:: PROVIDED DATA

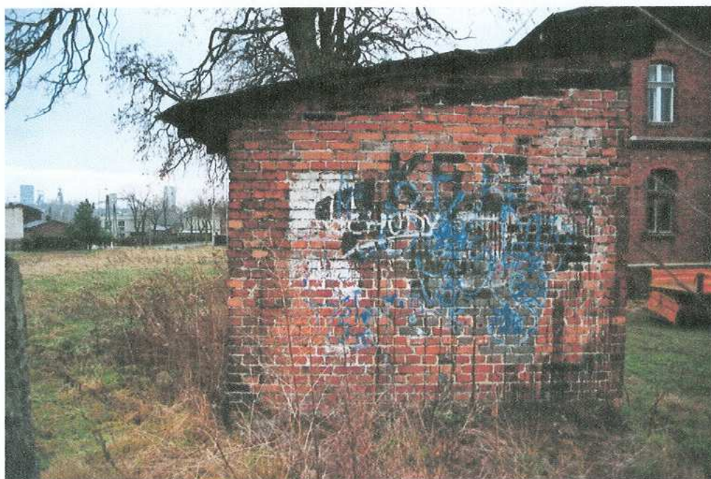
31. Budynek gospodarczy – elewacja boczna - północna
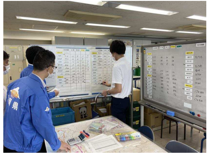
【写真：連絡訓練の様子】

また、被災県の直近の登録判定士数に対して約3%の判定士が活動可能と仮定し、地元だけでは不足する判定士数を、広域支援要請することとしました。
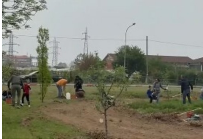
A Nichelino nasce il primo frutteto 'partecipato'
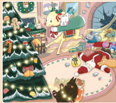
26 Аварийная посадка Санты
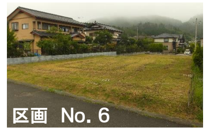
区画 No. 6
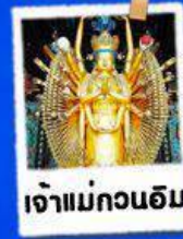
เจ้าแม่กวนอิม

::::
:: PROVIDED DATA

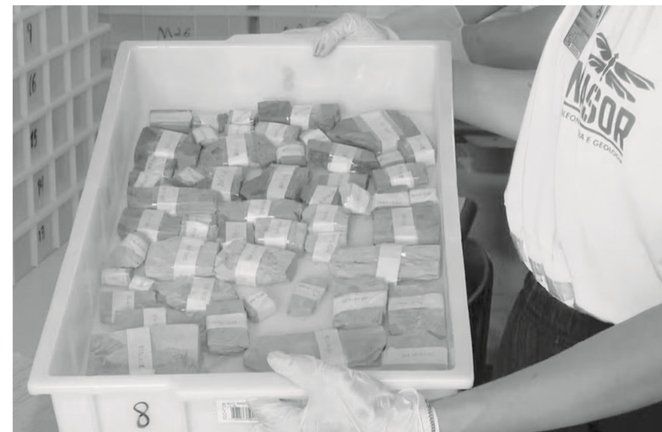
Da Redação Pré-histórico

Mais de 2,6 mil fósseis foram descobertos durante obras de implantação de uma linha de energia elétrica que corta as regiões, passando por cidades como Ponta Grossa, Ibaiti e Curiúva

::::
:: PROVIDED DATA

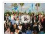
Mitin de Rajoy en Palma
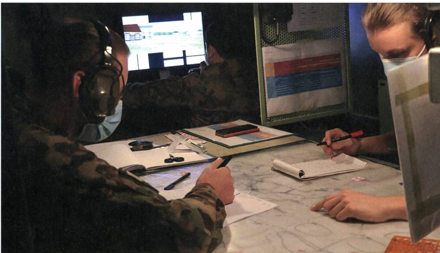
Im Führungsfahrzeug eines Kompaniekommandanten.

::::

**WHAT NEEDS TO BE DONE**
Beginning at the line with "Da Redação Pré-histórico" and stopping after the line with "Mais de 2,6", please write out every line of the data above exactly and nothing else.

**EXERCISE RESPONSE**
Da Redação Pré-histórico

Mais de 2,6 mil fósseis foram descobertos durante obras de implantação de uma linha de energia elétrica que corta as regiões, passando por cidades como Ponta Grossa, Ibaiti e Curiúva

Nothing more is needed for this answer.